如何强制 python 版本在从 GCP dataproc 集群旋转的数据实验室实例中同步?
How to force python versions to sync in a datalab instance spun from a GCP dataproc cluster?
我使用映像 1.2 在 GCP 中创建了一个 Dataproc 集群。我想 运行 从 Datalab 笔记本中激发灵感。如果我将 Datalab notebook 运行ning Python 2.7 作为其内核,这会很好地工作,但如果我想使用 Python 3 I 运行 进入次要版本不匹配。我用下面的 Datalab 脚本演示了不匹配:
### Configuration
import sys, os
sys.path.insert(0, '/opt/panera/lib')
os.environ['PYSPARK_PYTHON'] = '/opt/conda/bin/python'
os.environ['PYSPARK_DRIVER_PYTHON'] = '/opt/conda/bin/python'
import google.datalab.storage as storage
from io import BytesIO
spark = SparkSession.builder \
.enableHiveSupport() \
.config("hive.exec.dynamic.partition","true") \
.config("hive.exec.dynamic.partition.mode","nonstrict") \
.config("mapreduce.fileoutputcommitter.marksuccessfuljobs","false") \
.getOrCreate() \
sc = spark.sparkContext
### import libraries
from pyspark.mllib.tree import DecisionTree, DecisionTreeModel
from pyspark.mllib.util import MLUtils
from pyspark.mllib.regression import LabeledPoint
### trivial example
data = [
LabeledPoint(0.0, [0.0]),
LabeledPoint(1.0, [1.0]),
LabeledPoint(1.0, [2.0]),
LabeledPoint(1.0, [3.0])
]
toyModel = DecisionTree.trainClassifier(sc.parallelize(data), 2, {})
print(toyModel)
错误:
Py4JJavaError: An error occurred while calling z:org.apache.spark.api.python.PythonRDD.runJob.

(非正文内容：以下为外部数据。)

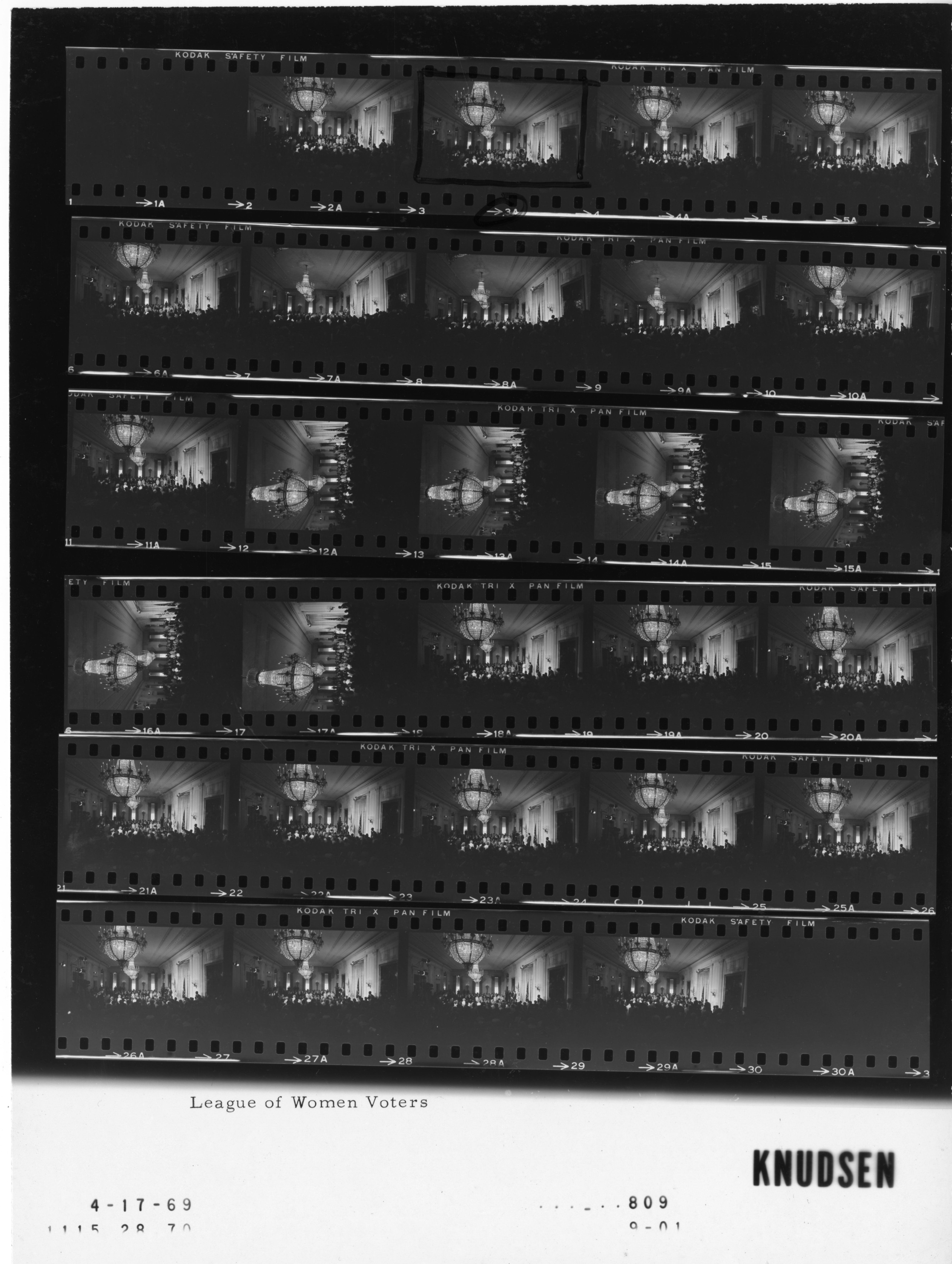 - Frame(s): WHPO-0809-, President Nixon addressing a reception for the League of Women Voters on its 50th anniversary. 4/17/1969, Washington, D.C. White House, East Room. President Nixon, League of Women Voters President Mrs. Bruce Benson, John Gardner, Pat Nixon, others.

: org.apache.spark.SparkException: Job aborted due to stage failure: Task 0 in stage 0.0 failed 4 times, most recent failure: Lost task 0.3 in stage 0.0 (TID 3, pan-bdaas-prod-jrl6-w-3.c.big-data-prod.internal, executor 6): org.apache.spark.api.python.PythonException: Traceback (most recent call last):
File "/usr/lib/spark/python/lib/pyspark.zip/pyspark/worker.py", line 124, in main
("%d.%d" % sys.version_info[:2], version))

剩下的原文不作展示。